Only the lines below starting at the one containing "This is not" and ending at the one containing "Mid Day Menu: 3 pm-4 pm" belong in the answer, each copied exactly.

Input data:
*** Begin section ***
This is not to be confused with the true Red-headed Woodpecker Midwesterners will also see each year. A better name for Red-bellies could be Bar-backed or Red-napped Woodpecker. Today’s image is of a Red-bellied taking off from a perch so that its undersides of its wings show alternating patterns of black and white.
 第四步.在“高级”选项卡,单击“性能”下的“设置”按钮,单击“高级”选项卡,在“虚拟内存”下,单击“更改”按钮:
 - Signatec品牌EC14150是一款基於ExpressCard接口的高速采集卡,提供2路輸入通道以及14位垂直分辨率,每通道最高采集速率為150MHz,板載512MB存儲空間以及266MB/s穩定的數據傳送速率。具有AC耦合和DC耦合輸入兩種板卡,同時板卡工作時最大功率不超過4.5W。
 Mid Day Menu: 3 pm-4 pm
*** End section ***
*** Begin section ***
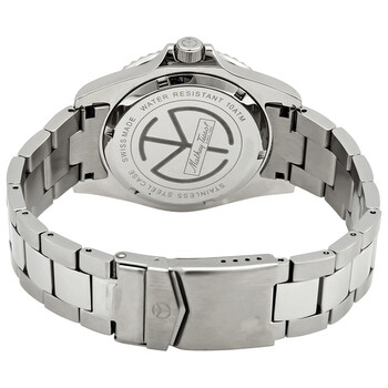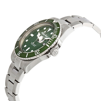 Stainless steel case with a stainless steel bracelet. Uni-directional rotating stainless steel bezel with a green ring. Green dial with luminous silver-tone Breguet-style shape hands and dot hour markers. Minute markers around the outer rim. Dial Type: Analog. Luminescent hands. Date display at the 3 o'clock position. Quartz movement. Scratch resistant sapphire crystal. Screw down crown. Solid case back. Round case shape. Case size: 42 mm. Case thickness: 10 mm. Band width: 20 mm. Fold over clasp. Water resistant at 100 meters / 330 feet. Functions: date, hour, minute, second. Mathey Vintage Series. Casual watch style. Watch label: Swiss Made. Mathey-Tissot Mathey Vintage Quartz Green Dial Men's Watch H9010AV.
*** End section ***
*** Begin section ***
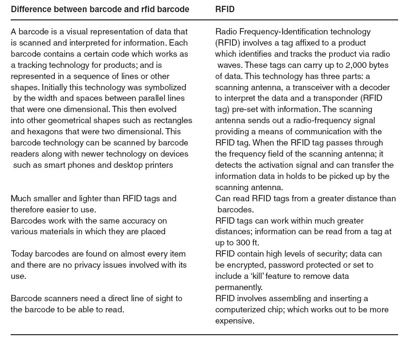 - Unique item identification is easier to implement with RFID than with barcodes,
*** End section ***
Output for this exercise:
This is not to be confused with the true Red-headed Woodpecker Midwesterners will also see each year. A better name for Red-bellies could be Bar-backed or Red-napped Woodpecker. Today’s image is of a Red-bellied taking off from a perch so that its undersides of its wings show alternating patterns of black and white.
 第四步.在“高级”选项卡,单击“性能”下的“设置”按钮,单击“高级”选项卡,在“虚拟内存”下,单击“更改”按钮:
 - Signatec品牌EC14150是一款基於ExpressCard接口的高速采集卡,提供2路輸入通道以及14位垂直分辨率,每通道最高采集速率為150MHz,板載512MB存儲空間以及266MB/s穩定的數據傳送速率。具有AC耦合和DC耦合輸入兩種板卡,同時板卡工作時最大功率不超過4.5W。
 Mid Day Menu: 3 pm-4 pm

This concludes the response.